NovaBay Pharmaceuticals, Inc.
- Company type: Public
- Traded as: AMEX: NBY Russell Microcap Index component
- Founded: 2000
- Founder: Ron Najafi
- Headquarters: United States
- Key people: Mark Sieczkarek, M.B.A., CEO and Chairman of BOD John (“Jack”) McGovern, CFO Tom Paulson, M.B.A., Strategic Planning Lewis J. Stuart, M.B.A., Chief Commercial Officer (CCO) Glenn Moro, VP, Marketing Avenova Justin M. Hall, Esq, Senior Vice President, General Counsel Greg Miller, Director, Strategic Sales
- Website: novabay.com

= NovaBay Pharmaceuticals =

Biopharmaceutical company

NovaBay Pharmaceuticals, Inc. is an Emeryville, California based clinical-stage biopharmaceutical company, focused on products for eye care.
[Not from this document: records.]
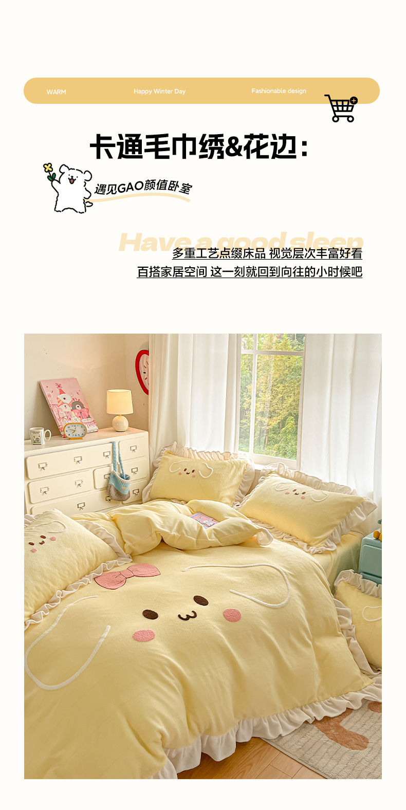 当前位置: 91家纺网 > 商品网购 > 床品套件 > 四件套 > 牛奶绒四件套 > 梦之岛 2025新款高克重大版牛奶绒卡通毛巾绣四件套 幸运兔-黄
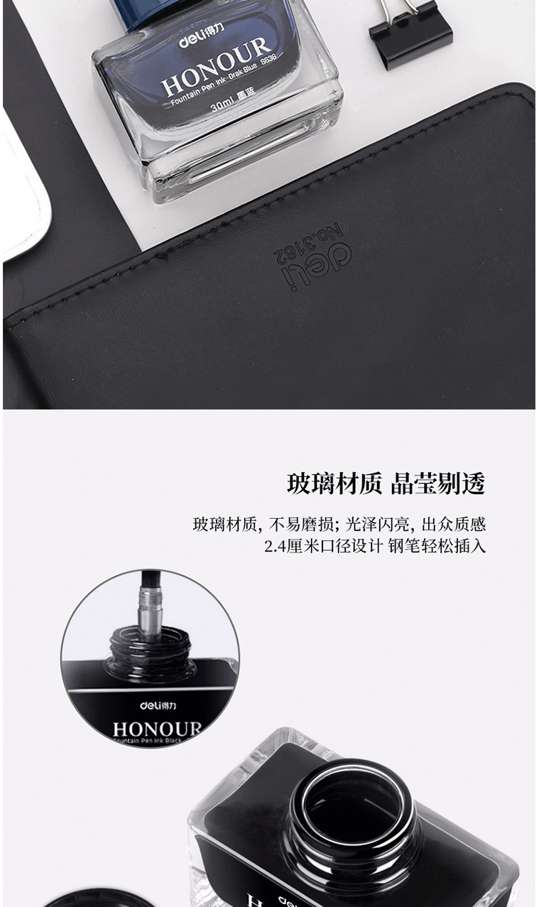 得力(deli)S636 30ml非碳素钢笔墨水 墨蓝色
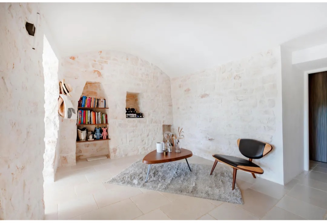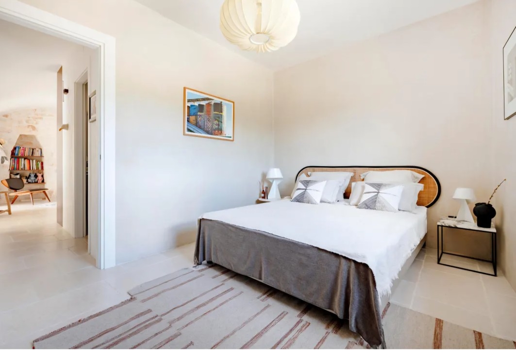 Nichée au cœur de la vallée d’Itria, à quelques minutes du célèbre village de Cisternino, classé parmi les plus beaux d’Italie, cette maison ancienne avec trullo incarne tout le charme authentique des Pouilles. Entièrement restaurée en 2023 par sa propriétaire, architecte d’intérieur, elle allie avec élégance le caractère de la pierre traditionnelle et le confort contemporain. Située en pleine campagne tout en restant proche du village et des principaux sites emblématiques de la région, la maison constitue un refuge idéal pour des voyageurs en quête de détente, de soleil et de découverte culturelle.
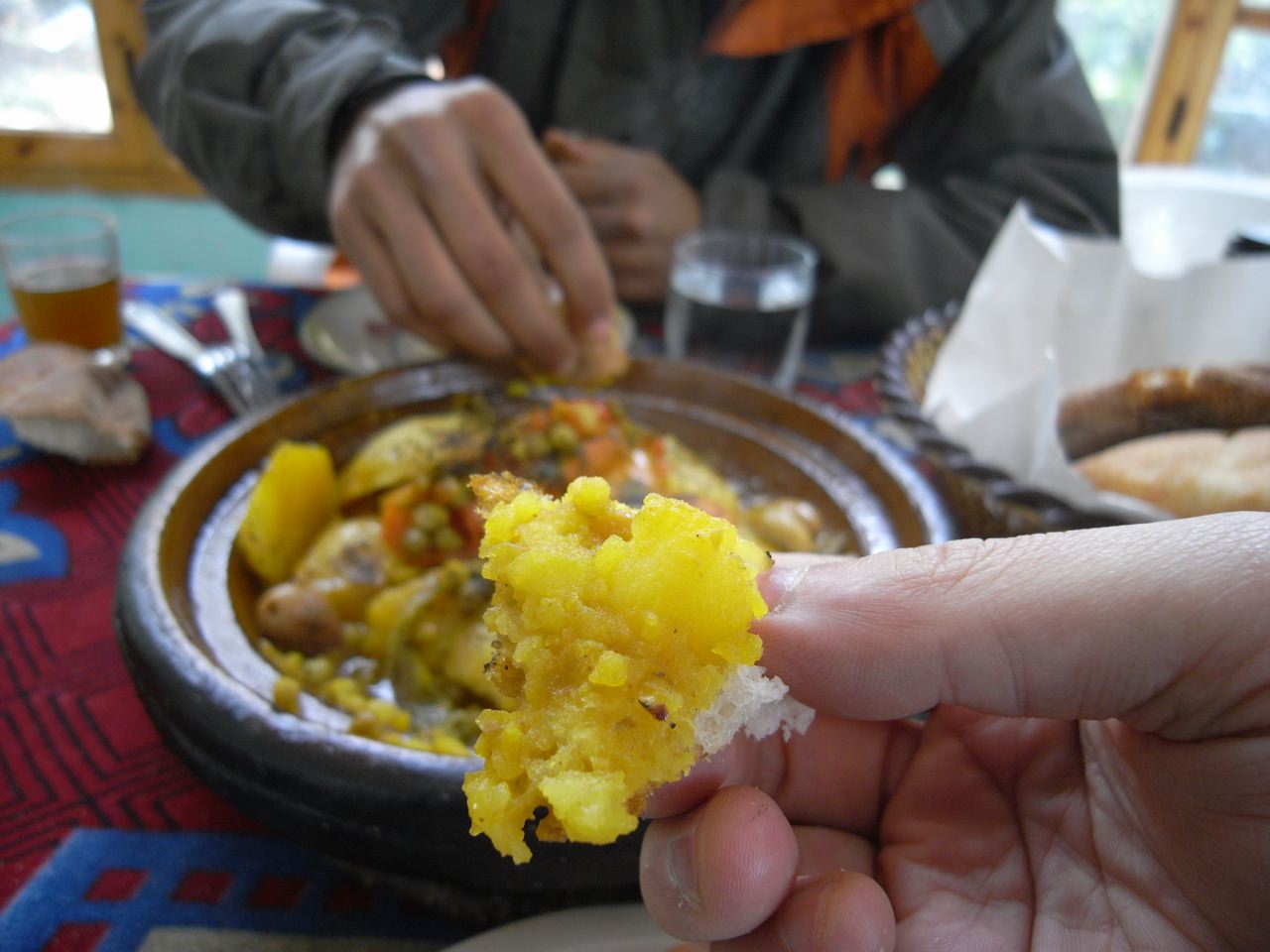 12:12 お昼ごはん ちぎったパンを右手に持って、よく煮込まれた具をこんなふうにこすりつけて食べるのが流儀だそうです。
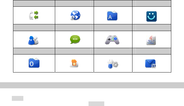 In idle mode, press to enter the Main menu. Press to access the option listed directly
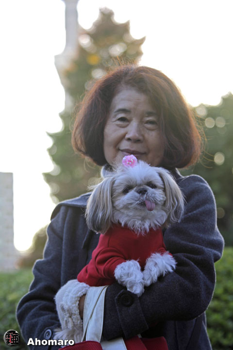 大きな袋の中は、ヨン様土産がいっぱい詰まっているんだよ。ワンちゃんはショコラちゃんですね。
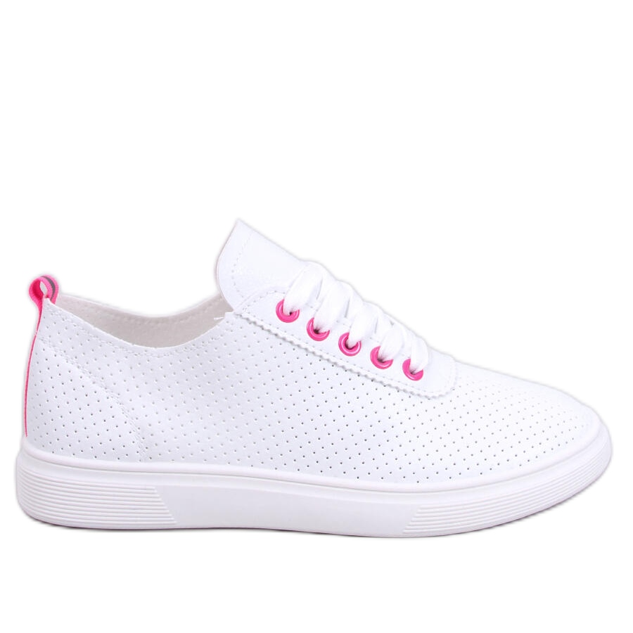 Gelman White/Fuksja women's sneakers - white with pink accents that immediately catch the eye. Lowed, low shoes with a round nose combine a casual style and comfort - perfect every day, a walk around the city or meeting with friends.
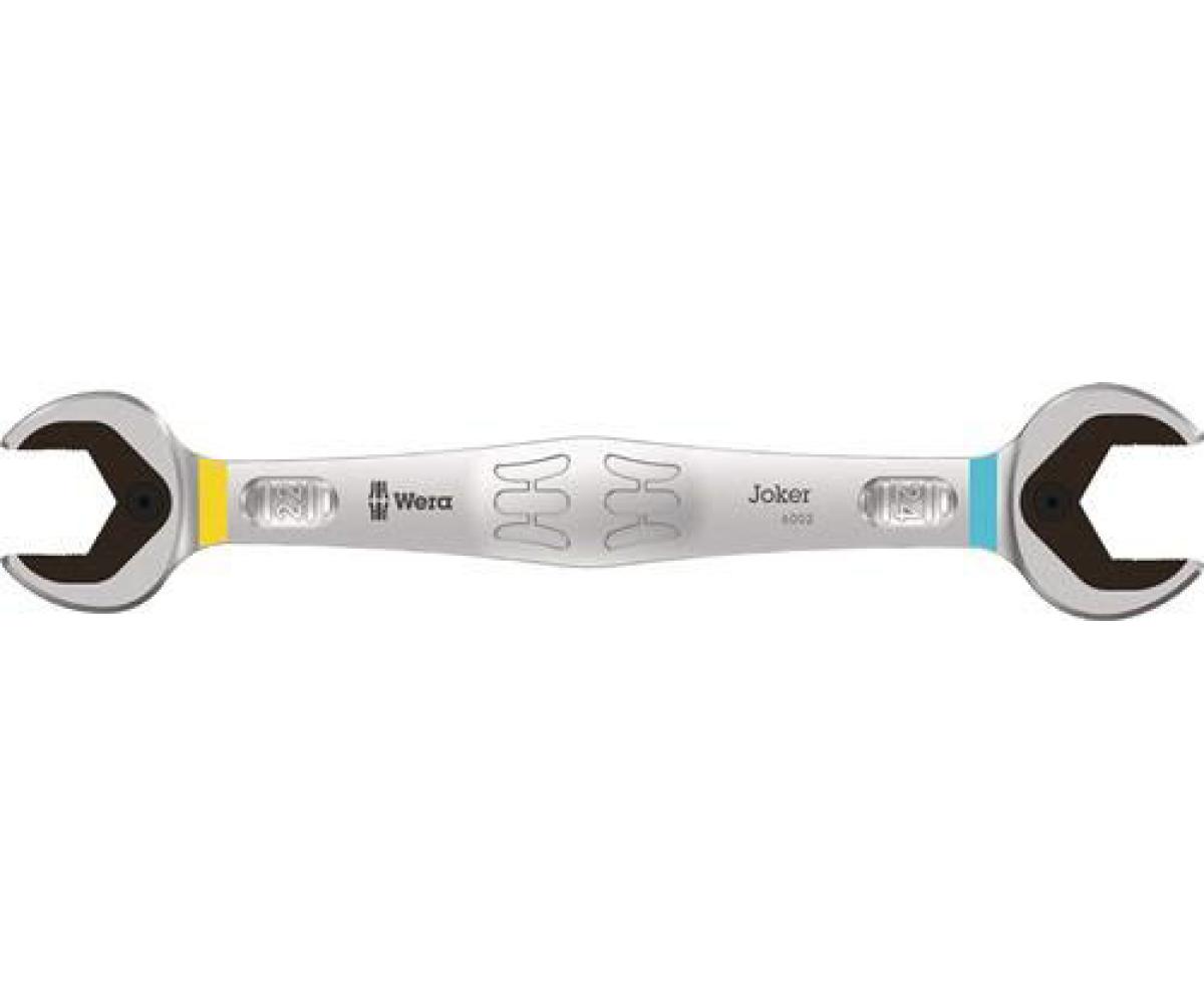 Weitere technische Eigenschaften · Oberfläche: matt verchromt · Material: legierter Werkzeugstahl · Doppelmaulschlüssel 6002 · Joker 22x24mm L.261mm ma · verchr.WERA · Sein Plus - Haltefunktion für Muttern durch eine Metallplatte im Maul - kein Abrutschen durch Endanschlag - kleiner Rückschwenkwinkel von nur 30° - Doppelsechskantgeometrie verringert die Abrutschgefahr ·

Major products include Avenova, cleared by FDA for lid and lash cleansing as part of a regimen for Blepharitis. and NeutroPhase, used in treatment of Necrotizing Fasciitis

==History==

NovaBay Pharmaceuticals, Inc. was founded in 2000 by Ron Najafi to create a stable version of HOCl. Najafi, chemistry Nobel laureate Herbert C. Brown, and Purdue University Professor Dale Margerum recruited Dr. Lu Wang to become NovaBay's Director of Product Development. She developed the stable version of pure hypochlorous acid, without bleach impurities, which became NovaBay's first product, NeutroPhase.

NovaBay later launched additional products named CelleRx™ for Plastic Surgery and i-Lid™ Cleanser (Now Avenova) that was cleared by FDA for lid and lash cleansing as part of a regimen for Blepharitis.